_YOUR INSTRUCTIONS:_
Exactly retype the lines of the material from its first line to the line with "In der Regel", including both.

_EXTRACTED ENTRIES:_
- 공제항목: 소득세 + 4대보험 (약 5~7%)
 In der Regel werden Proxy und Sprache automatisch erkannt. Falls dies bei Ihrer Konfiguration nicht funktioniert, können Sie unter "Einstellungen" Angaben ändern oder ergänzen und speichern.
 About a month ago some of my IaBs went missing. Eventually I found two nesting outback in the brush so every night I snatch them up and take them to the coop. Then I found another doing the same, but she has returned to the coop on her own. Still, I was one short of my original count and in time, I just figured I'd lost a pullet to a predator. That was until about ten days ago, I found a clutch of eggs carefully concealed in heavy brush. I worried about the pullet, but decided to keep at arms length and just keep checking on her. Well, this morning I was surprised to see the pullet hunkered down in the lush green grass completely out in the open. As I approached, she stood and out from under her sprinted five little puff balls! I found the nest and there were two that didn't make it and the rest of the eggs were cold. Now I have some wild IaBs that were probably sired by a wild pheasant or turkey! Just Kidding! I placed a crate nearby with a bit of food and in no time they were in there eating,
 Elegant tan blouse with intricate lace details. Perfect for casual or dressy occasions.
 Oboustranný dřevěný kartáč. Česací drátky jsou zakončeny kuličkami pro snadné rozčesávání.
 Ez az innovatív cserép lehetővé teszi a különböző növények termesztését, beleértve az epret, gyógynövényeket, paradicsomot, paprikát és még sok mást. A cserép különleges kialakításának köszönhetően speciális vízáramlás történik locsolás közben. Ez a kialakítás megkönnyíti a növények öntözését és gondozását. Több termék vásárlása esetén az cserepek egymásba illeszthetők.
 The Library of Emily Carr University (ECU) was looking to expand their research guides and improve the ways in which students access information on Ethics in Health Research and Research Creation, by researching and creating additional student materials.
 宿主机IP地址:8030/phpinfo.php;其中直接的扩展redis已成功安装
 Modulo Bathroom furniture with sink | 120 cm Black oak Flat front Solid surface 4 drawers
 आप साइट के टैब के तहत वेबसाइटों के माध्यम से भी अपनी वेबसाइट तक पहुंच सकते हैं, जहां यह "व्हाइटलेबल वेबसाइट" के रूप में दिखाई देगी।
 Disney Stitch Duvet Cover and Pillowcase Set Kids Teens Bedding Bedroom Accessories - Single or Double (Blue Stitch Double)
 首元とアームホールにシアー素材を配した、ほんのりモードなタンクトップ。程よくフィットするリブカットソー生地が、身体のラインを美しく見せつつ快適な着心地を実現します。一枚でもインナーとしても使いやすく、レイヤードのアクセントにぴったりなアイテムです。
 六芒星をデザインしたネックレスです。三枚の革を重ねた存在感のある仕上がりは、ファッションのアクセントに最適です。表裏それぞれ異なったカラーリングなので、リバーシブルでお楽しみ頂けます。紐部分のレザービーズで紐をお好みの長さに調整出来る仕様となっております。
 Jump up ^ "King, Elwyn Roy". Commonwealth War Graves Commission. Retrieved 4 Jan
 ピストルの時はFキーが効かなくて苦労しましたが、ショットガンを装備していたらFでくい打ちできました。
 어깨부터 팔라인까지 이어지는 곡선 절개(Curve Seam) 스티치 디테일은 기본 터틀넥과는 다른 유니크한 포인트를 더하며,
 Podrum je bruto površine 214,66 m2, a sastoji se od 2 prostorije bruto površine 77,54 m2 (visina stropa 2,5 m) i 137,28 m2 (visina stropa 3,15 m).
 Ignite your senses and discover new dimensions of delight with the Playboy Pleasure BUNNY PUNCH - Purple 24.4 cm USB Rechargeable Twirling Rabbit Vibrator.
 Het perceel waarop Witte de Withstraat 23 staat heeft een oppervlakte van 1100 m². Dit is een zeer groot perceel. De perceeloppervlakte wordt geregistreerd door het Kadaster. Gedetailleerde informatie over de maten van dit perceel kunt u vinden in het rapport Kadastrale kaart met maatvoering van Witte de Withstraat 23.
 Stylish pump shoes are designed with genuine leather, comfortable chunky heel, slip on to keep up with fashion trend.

_ANSWER SPACE:_
- 공제항목: 소득세 + 4대보험 (약 5~7%)
 In der Regel werden Proxy und Sprache automatisch erkannt. Falls dies bei Ihrer Konfiguration nicht funktioniert, können Sie unter "Einstellungen" Angaben ändern oder ergänzen und speichern.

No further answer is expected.